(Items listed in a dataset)
-*-*-

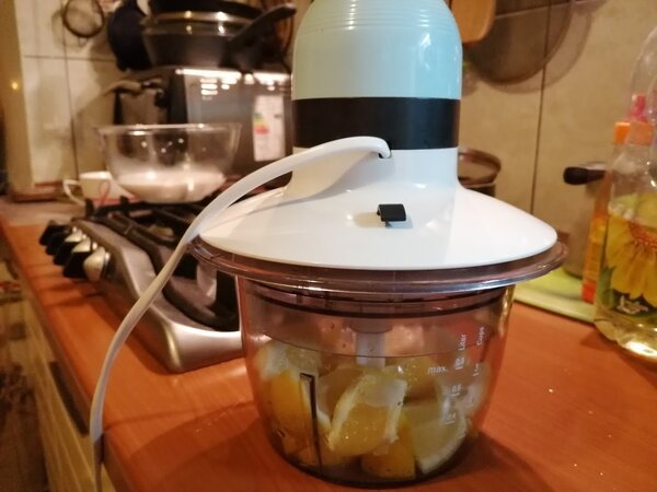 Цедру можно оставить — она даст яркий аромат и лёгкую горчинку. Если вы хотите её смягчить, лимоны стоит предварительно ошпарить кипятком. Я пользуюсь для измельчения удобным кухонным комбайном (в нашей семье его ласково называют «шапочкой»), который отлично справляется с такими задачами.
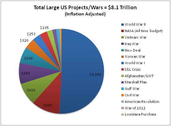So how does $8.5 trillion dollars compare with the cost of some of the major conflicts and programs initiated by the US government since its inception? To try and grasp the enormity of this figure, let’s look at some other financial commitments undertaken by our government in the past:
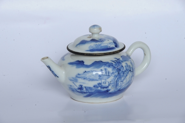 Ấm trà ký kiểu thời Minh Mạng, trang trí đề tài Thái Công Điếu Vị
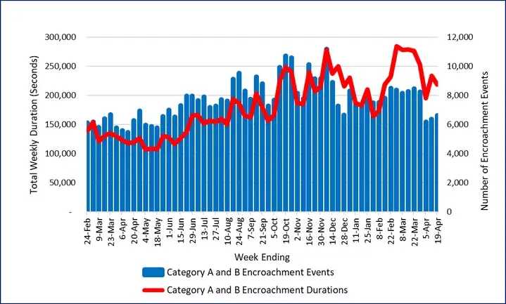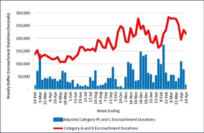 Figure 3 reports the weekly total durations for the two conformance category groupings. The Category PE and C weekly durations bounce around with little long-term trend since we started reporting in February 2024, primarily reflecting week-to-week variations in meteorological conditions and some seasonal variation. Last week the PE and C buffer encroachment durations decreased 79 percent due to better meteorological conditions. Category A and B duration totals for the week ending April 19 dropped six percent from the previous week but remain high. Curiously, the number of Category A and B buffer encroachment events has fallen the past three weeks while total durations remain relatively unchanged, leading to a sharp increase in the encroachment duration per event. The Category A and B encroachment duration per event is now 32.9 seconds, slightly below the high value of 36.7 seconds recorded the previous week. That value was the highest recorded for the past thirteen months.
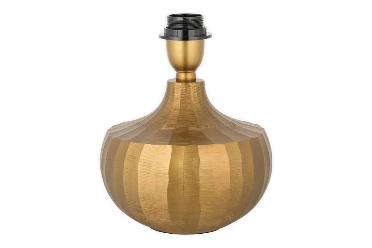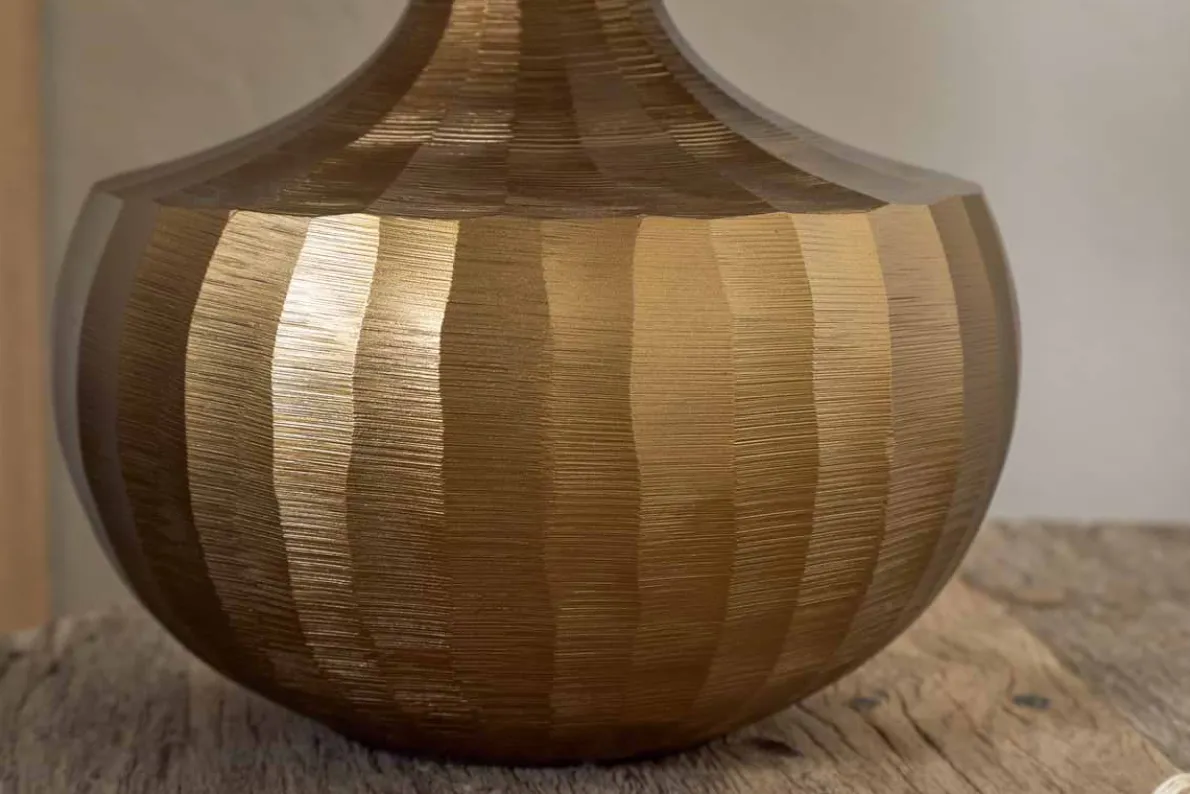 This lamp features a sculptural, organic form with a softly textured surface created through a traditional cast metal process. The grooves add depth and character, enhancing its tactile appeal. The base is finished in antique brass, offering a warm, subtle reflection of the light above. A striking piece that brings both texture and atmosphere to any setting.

-*-*-

◆ **Work to be completed**
Print exactly, and print only, the lines from the line with "Ấm trà ký kiểu" through the last line of the entries, both ends included. No pictures belong in the result.

◆ **Your response**
 Ấm trà ký kiểu thời Minh Mạng, trang trí đề tài Thái Công Điếu Vị
 Figure 3 reports the weekly total durations for the two conformance category groupings. The Category PE and C weekly durations bounce around with little long-term trend since we started reporting in February 2024, primarily reflecting week-to-week variations in meteorological conditions and some seasonal variation. Last week the PE and C buffer encroachment durations decreased 79 percent due to better meteorological conditions. Category A and B duration totals for the week ending April 19 dropped six percent from the previous week but remain high. Curiously, the number of Category A and B buffer encroachment events has fallen the past three weeks while total durations remain relatively unchanged, leading to a sharp increase in the encroachment duration per event. The Category A and B encroachment duration per event is now 32.9 seconds, slightly below the high value of 36.7 seconds recorded the previous week. That value was the highest recorded for the past thirteen months.
 This lamp features a sculptural, organic form with a softly textured surface created through a traditional cast metal process. The grooves add depth and character, enhancing its tactile appeal. The base is finished in antique brass, offering a warm, subtle reflection of the light above. A striking piece that brings both texture and atmosphere to any setting.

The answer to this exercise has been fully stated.